Leaderboard evaluations issues

Hi,

First of all, I really appreciate your work!

I've been trying to run the leaderboard evaluation code, and noted several issues. I can probably fix some of them on my own in a PR, but wanted to hear your thought before that.

Specificity of argument description. In several functions, I noted that the description of the parameters is not explicit enough, which results in the models being evaluated sometimes outputting the "wrong" parameters.

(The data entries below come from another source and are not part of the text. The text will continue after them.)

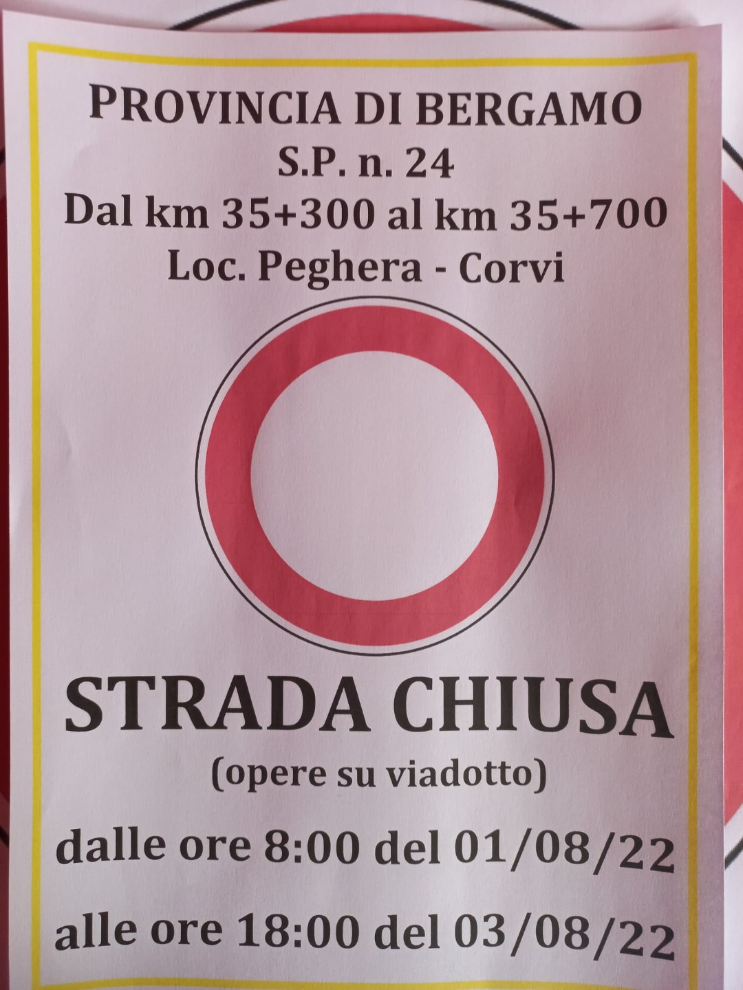 strada chiusa dalle ore 8.00 del 01/08/2022 alle ore 18.00 del 03/08/2022
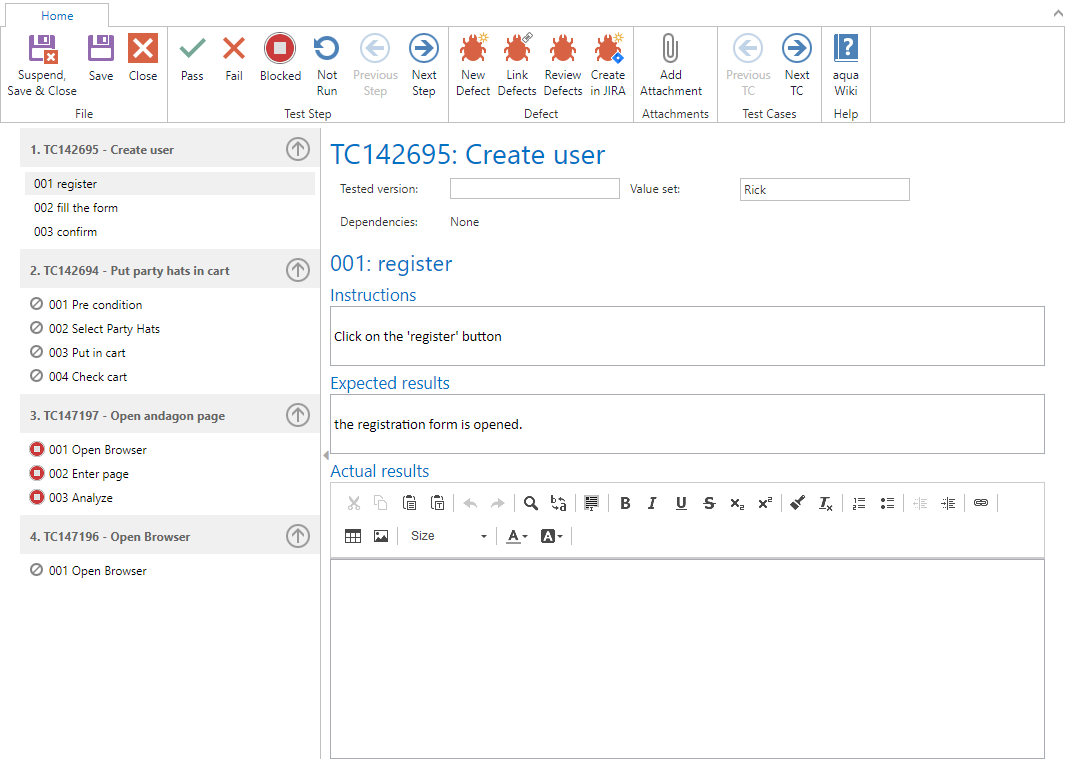 You can execute either a selection of test cases in your scenario, or the entire scenario. To execute the full scenario click 'Run all'. The execution window opens and you can execute each test case step by step.
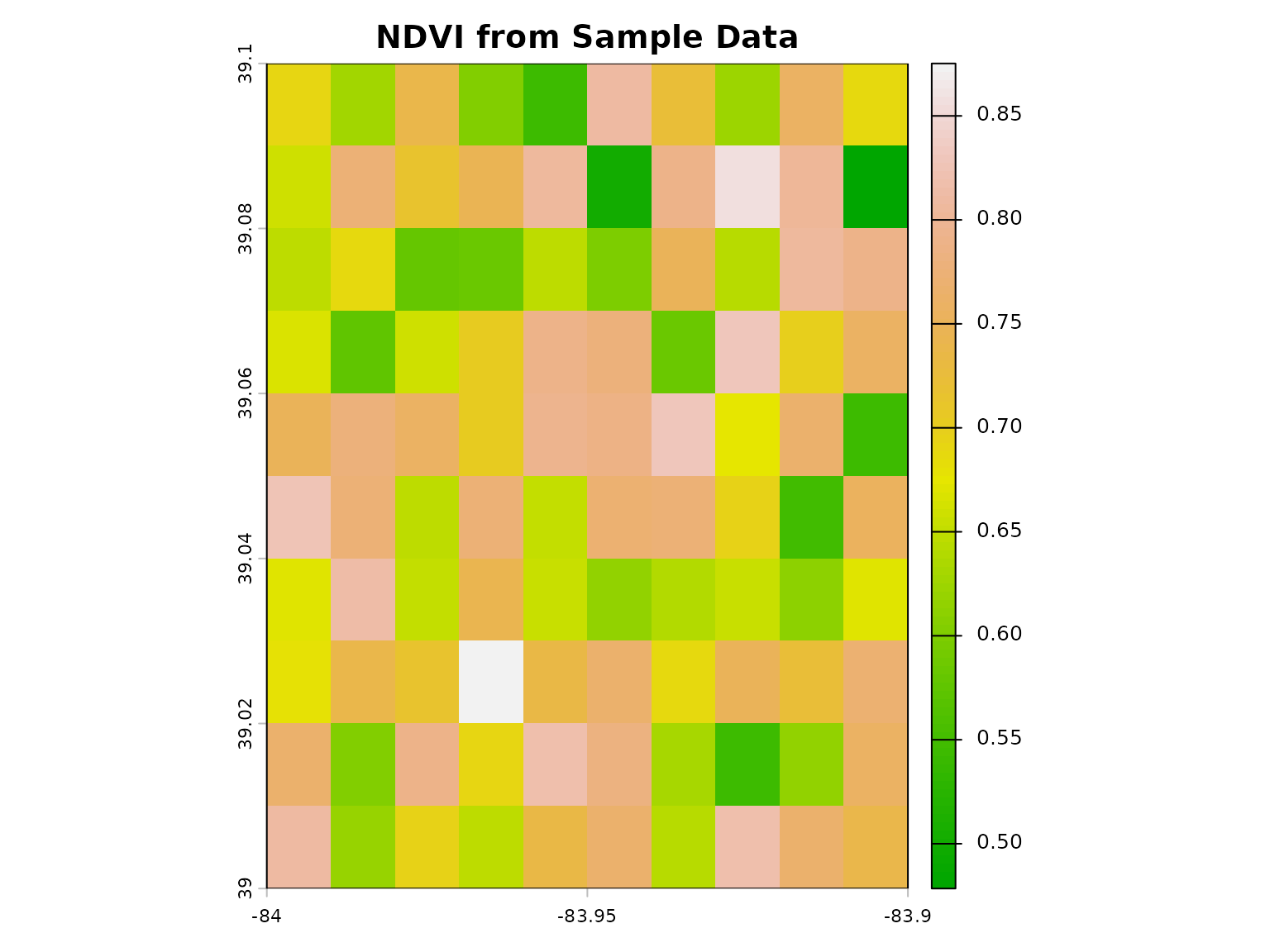 plot(ndvi, main = "NDVI from Sample Data", col = terrain.colors(100))
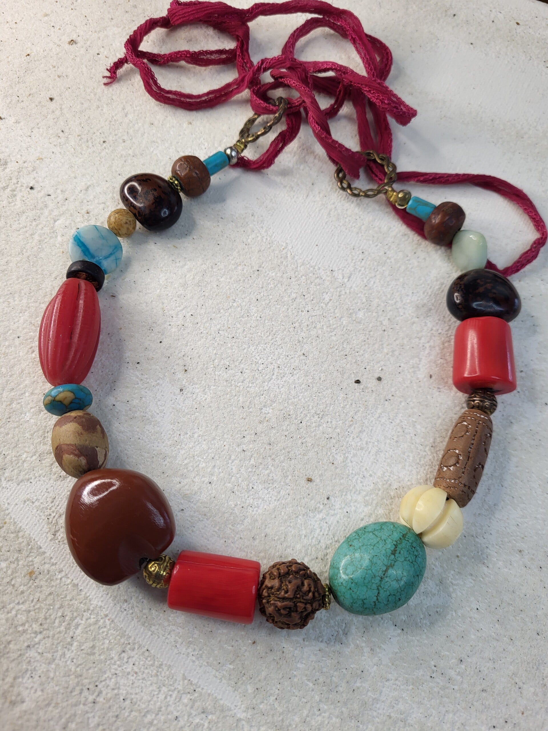 Deze ketting heeft prachtige kleuren en bijzondere kralen: Turkoois=howliet,Jaspis, kokos, been, oude keramiekkralen, oude kleikralen uit Indonesie, koper op bronskralen van een oude gebedsketting uit Ethiopie, cinnebarkraal, lumbanpit en bamboekoraal.Met handgeverfde zwarte zijden lint ( kan ook met leder of zijde)

Attached are a few examples.

In this function, it isn't mentioned that interest_rate shouldn't be the number of percents (that is, 3.5 instead of 0.035 for example):

def mortgage_calculator(loan_amount, interest_rate, loan_period):
    """
    Calculates the monthly mortgage payment.
    Args:
        loan_amount (integer): The amount of the loan.
        interest_rate (integer): The interest rate of the loan.
        loan_period (integer): The period of the loan.
    """
    monthly_interest_rate = interest_rate / 12
    number_of_payments = loan_period * 12
    monthly_payment = (
        loan_amount
        * monthly_interest_rate
        * (1 + monthly_interest_rate) ** number_of_payments
        / ((1 + monthly_interest_rate) ** number_of_payments - 1)
    )
    return monthly_payment

In this example, it isn't mentioned that the stock_name should be a ticker symbol and not the company's name:

def get_company_name_by_stock_name(stock_name):
    """
    Finds the company name of a stock by its stock name.
    Args:
        stock_name (str): The stock name of the product.
    """
    url = "https://yahoo-finance15.p.rapidapi.com/api/v1/markets/search"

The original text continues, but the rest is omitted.